Former indoor arena in Saskatoon, Saskatchewan

Saskatoon Arena was an indoor arena located in Saskatoon, Saskatchewan, which opened in October 1937, and which was demolished in March 1989. The arena was situated in downtown Saskatoon, on a site overlooking the South Saskatchewan River. It was the city's main entertainment venue for a half-century, before it was replaced in 1988 by Saskatchewan Place.

== History ==
Saskatoon Arena was conceived as a replacement for the Crescent Rink, a small arena built in 1920 that was demolished in the early 1930s as part of the construction of the Broadway Bridge, a Depression-era relief work project that was completed in 1932. In 1936, a group of Saskatoon businessmen started lobbying and raising funds for the construction of a new artificial ice arena; the Depression presented a challenge to this vision, but the group formed an organization—Saskatoon Arena Limited (SAL)—to formalize its efforts and manage the project. The arena group ultimately secured $13,000 in relief payments from the city and province and an additional $50,000 in public shares, which were sold for $0.10 each. The land purchase to build the arena involved a ten-year agreement to offer free skating and hockey for school children.

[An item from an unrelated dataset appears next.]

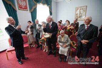 – Uroczystość ta jest niezbędna i z racji wielkiego szacunku i uznania za dokonania dla tych osób, które obchodzą ten piękny jubileusz pięćdziesięciu, sześćdziesięciu, czy sześćdziesięciu pięciu lat pożycia małżeńskiego – mówi burmistrz Bobowej Wacław Ligęza. Należą się najwyższe słowa uznania i podziękowania dla nich. Dzisiaj jest okazja, żeby wspólnie pomodlić się, bo uroczystość rozpoczyna się jak co roku Mszą Świętą w kościele pw. Wszystkich Świętych w Bobowej. Następnie jest spotkanie mające miejsce po raz pierwszy właściwie w szkole muzycznej pierwszego stopnia w Bobowej. Budynku tak ważnym dla historii naszego miasta, w dworze Długoszowskich. Chcemy, żeby ten budynek był wykorzystywany właśnie na tego typu okazje. Z racji wielkiego uznania i szacunku dla tych par myślę, że w kolejnych latach ta uroczystość też będzie się tutaj odbywać. W tym roku jubileusz pięćdziesięciolecia obchodzi piętnaście par. Jeżeli chodzi o diamentowe gody to dwie pary a jeżeli chodzi o żelazne gody to jedna para. Myślę, że prawie wszyscy dopisali trzeba powiedzieć z małymi wyjątkami, bo nie wszystkim niestety to zdrowie do końca dopisało. Ale trzeba powiedzieć, że jubilaci byli bardzo pogodni, pozytywnie nastawieni, była okazja wymienić pewne zdania, doświadczenia, mogli także podzielić się swoimi opiniami. Jest to przede wszystkim dobra okazja aby się mogli zintegrować, poczuć docenionymi. Ze strony Urzędu Miejskiego w Bobowej zawsze staramy się skierować te słowa podziękowania, słowa szacunku, uznania za wkład jaki włożyli wszyscy jubilaci w środowisko w którym żyją. Poświęcając się swojej rodzinie, budując domy, zapewniając byt rodzinie, następnie za dbałość o wnuki, często i prawnuki. Myślę, że to jest podniosła uroczystość, która powinna być kontynuowana i ja z wielkim zawsze szacunkiem i uznaniem odnoszę się do nich osobiście w nich uczestnicząc. Nie wyobrażam sobie inaczej – kończy burmistrz.

Construction began in September 1937 and the arena opened on October 30, featuring a sold-out hockey game between the New York Rangers and New York Americans of the National Hockey League (NHL). The new arena was "hailed as the only artificial ice surface between Winnipeg and Calgary". SAL secretary Norman Couch, who had been working for the McDonald Tobacco Company, became the arena's manager. SAL ran the facility until it was leased to the City of Saskatoon, beginning in 1956; the City purchased the arena from SAL in 1958, although Couch remained the arena's manager until he retired in 1962. The arena was home to the Saskatoon Quakers hockey team and, from 1964, to the Saskatoon Blades of the Western Hockey League, who remained the building's primary tenants until it closed in 1988. The arena was renowned for having exceptional ice quality.

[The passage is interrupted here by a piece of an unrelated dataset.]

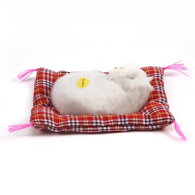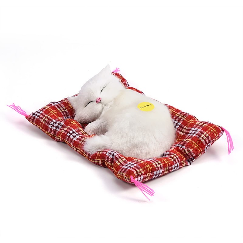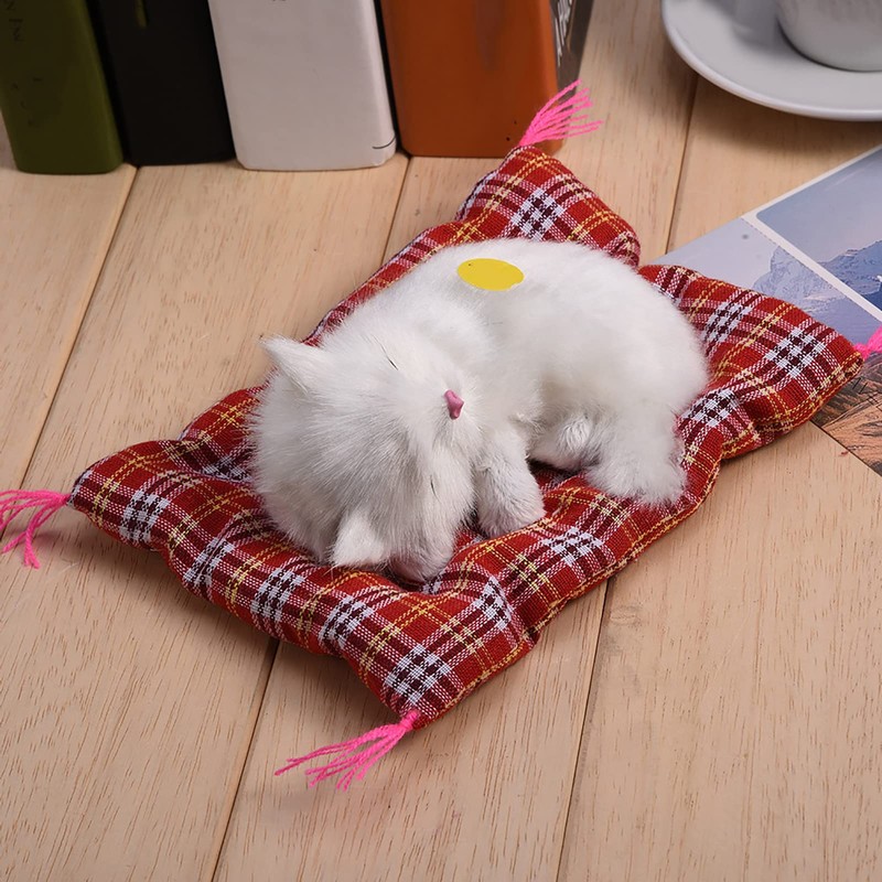 - [Ideal Gift Decorations]: Artificial simulation cat, sleeping cat on pad pillow and kitten sleeping on the cloth cushion, sleeping cat on pad and artificial plush breathing sleeping cat ornament is perfect birthday gifts, holiday gifts, home decoration

Nicknamed "The Barn" and also known as the "arena rink", Saskatoon Arena seated just over 3,300 but was known to hold as many as 7,000 with standing room for big events. The arena hosted major events for half of a century, ranging from musical acts to wrestling matches. The rink hosted two national men's curling championships, in 1946 and 1965, and one national women's curling championship, in 1972. The 1946 Macdonald Brier was opened by Saskatchewan Premier Tommy Douglas and was the first to be broadcast nationally on CBC radio, while the 1965 edition set a new tournament attendance record. The 1972 Macdonald Lassies Championship also set a new tournament attendance record and was won by Vera Pezer's Saskatoon rink, their second in a run of three consecutive national titles.

Even in its final decade, as the city debated replacing the aging facility, it continued to host major musical and traveling acts, including the Harlem Globetrotters. However, the facility had outlived its usefulness by the 1970s and had become infamous for its leaky roof and substandard amenities. The city proved hesitant to lose the landmark and a number of years passed between the first proposal to replace the structure in the 1970s and its eventual closure in the late 1980s. The situation was complicated when local sports promoter Bill Hunter instigated efforts to bring the NHL to Saskatoon, including a failed bid to purchase and relocate the St. Louis Blues in the early 1980s. Hunter's efforts included plans to build a modern, 18,000 seat arena, which was considered too big for any available site in downtown Saskatoon. Public plebiscites ultimately rejected the construction of a new downtown arena, and approved construction of Saskatchewan Place in the city's North Industrial area.

The last hockey game at Saskatoon Arena was played on February 2, 1988—Saskatoon beat the Regina Pats 7–0 before a sold-out crowd. The next week, Saskatchewan Place officially opened, becoming the new home of the Blades. Saskatoon Arena was demolished in 1989.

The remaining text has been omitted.